**TASK DETAILS**
Range to copy from the entries below: the line containing "Shirt Mini Dress" through the line containing "Cuốn sách giới", inclusive. Retype only those lines, exactly, without any images.
───── DATA SHOWN
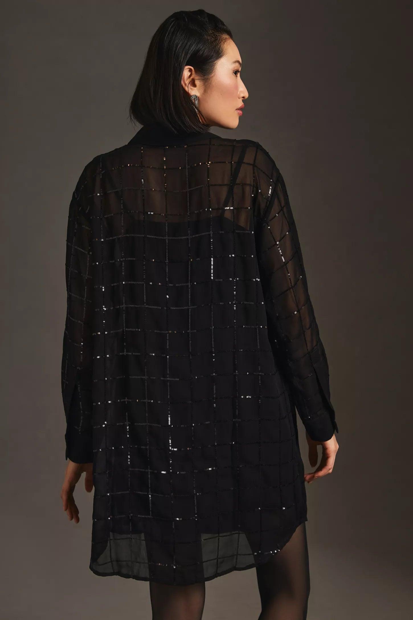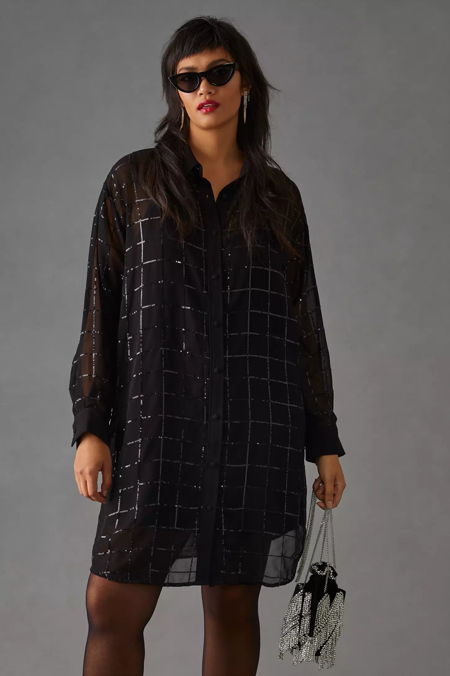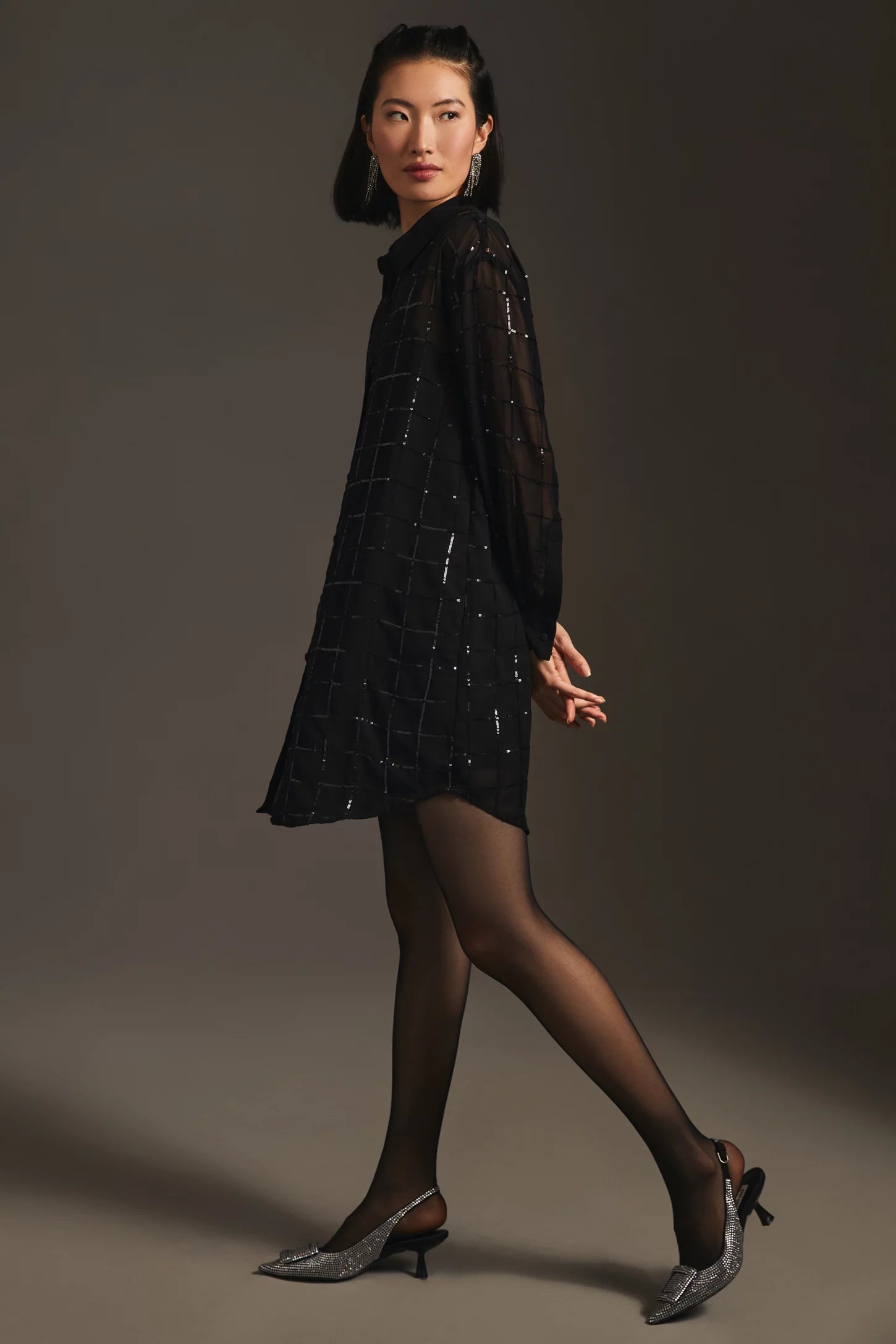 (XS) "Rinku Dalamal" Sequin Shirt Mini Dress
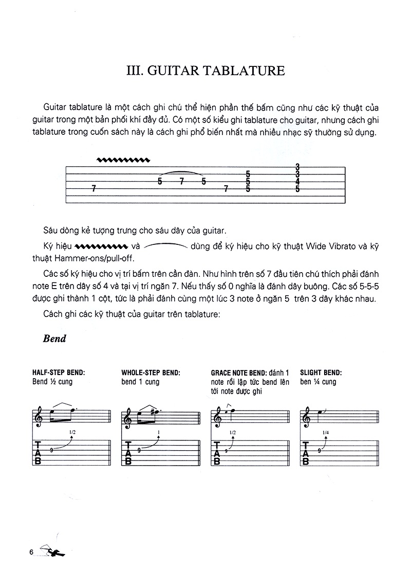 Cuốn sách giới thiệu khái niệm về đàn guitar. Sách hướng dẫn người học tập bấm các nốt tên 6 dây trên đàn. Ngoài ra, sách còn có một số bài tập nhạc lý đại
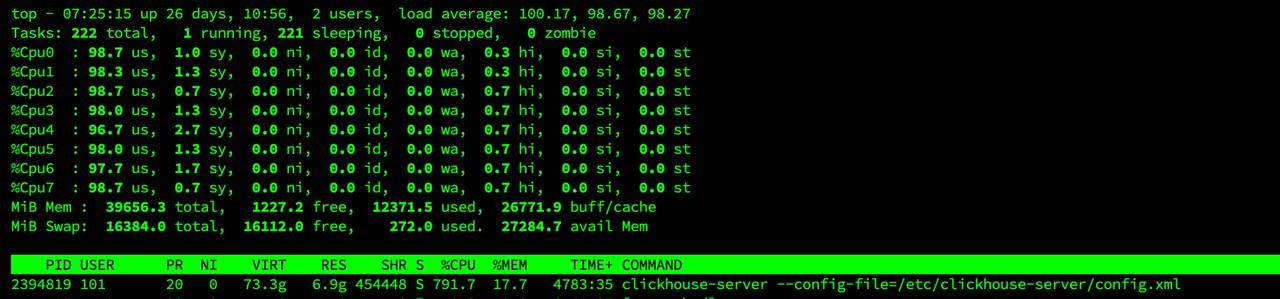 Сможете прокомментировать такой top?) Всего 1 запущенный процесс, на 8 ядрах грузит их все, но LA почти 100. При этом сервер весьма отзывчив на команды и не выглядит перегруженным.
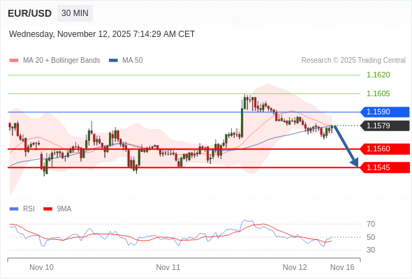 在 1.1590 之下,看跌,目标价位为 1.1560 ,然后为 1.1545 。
──────────
───── DATA SHOWN
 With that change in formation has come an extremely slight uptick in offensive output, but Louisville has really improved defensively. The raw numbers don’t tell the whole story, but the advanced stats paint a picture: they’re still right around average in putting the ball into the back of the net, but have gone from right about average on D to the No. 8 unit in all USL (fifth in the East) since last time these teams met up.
──────────
───── DATA SHOWN
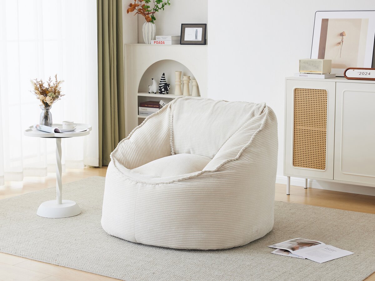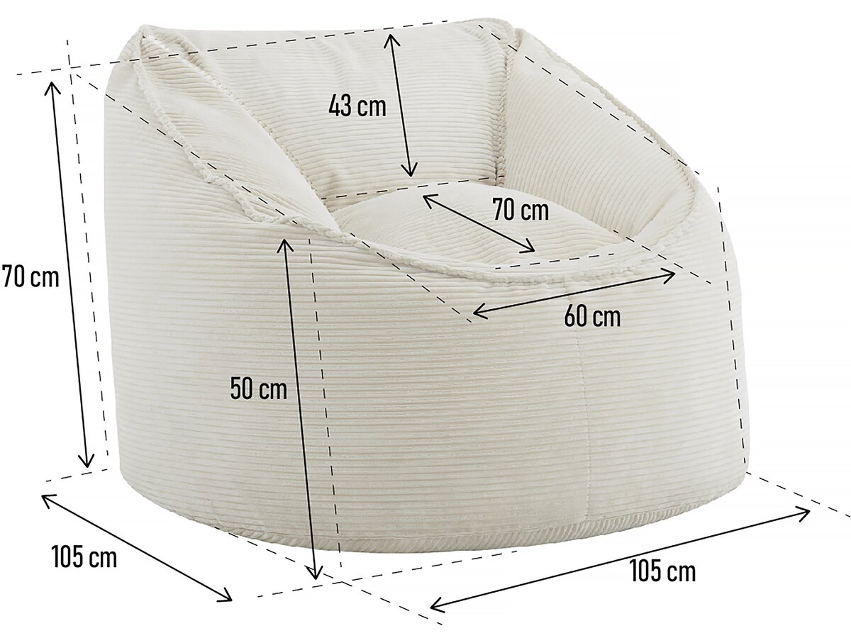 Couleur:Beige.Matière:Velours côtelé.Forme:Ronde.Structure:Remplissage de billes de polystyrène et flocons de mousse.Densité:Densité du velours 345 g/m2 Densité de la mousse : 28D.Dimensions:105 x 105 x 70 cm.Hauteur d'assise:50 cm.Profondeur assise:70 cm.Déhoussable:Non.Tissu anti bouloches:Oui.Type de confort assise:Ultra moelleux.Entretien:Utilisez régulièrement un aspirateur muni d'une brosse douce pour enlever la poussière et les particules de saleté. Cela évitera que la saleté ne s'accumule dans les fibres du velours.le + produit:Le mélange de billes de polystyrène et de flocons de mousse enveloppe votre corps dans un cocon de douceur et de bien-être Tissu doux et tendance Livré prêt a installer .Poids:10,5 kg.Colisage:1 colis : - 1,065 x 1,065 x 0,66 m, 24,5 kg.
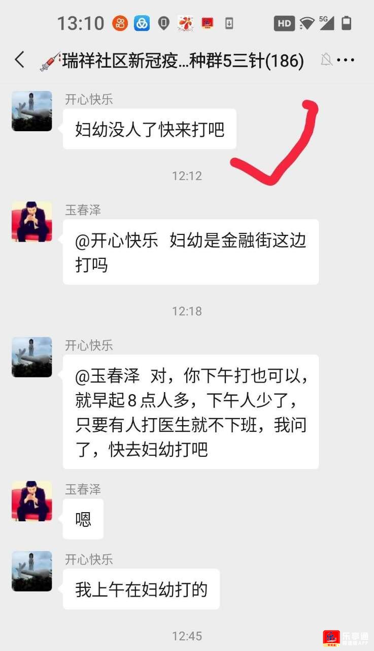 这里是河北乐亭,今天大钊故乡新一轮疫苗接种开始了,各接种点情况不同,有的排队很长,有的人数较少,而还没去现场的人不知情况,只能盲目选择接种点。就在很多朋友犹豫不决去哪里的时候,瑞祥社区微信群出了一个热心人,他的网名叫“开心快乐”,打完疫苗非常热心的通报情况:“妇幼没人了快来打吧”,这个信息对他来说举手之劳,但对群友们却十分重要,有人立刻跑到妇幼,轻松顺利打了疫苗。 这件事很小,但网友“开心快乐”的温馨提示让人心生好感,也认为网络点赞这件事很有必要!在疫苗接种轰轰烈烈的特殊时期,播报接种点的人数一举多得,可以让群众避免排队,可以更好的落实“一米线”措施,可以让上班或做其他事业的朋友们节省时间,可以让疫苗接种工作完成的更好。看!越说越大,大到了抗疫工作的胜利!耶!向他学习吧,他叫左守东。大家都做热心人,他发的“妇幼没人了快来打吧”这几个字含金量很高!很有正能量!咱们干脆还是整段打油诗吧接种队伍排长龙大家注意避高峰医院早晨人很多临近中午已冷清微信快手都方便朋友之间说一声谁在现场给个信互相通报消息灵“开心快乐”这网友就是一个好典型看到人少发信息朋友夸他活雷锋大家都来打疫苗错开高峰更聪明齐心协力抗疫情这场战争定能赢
──────────
**SOLUTION**
 (XS) "Rinku Dalamal" Sequin Shirt Mini Dress
 Cuốn sách giới thiệu khái niệm về đàn guitar. Sách hướng dẫn người học tập bấm các nốt tên 6 dây trên đàn. Ngoài ra, sách còn có một số bài tập nhạc lý đại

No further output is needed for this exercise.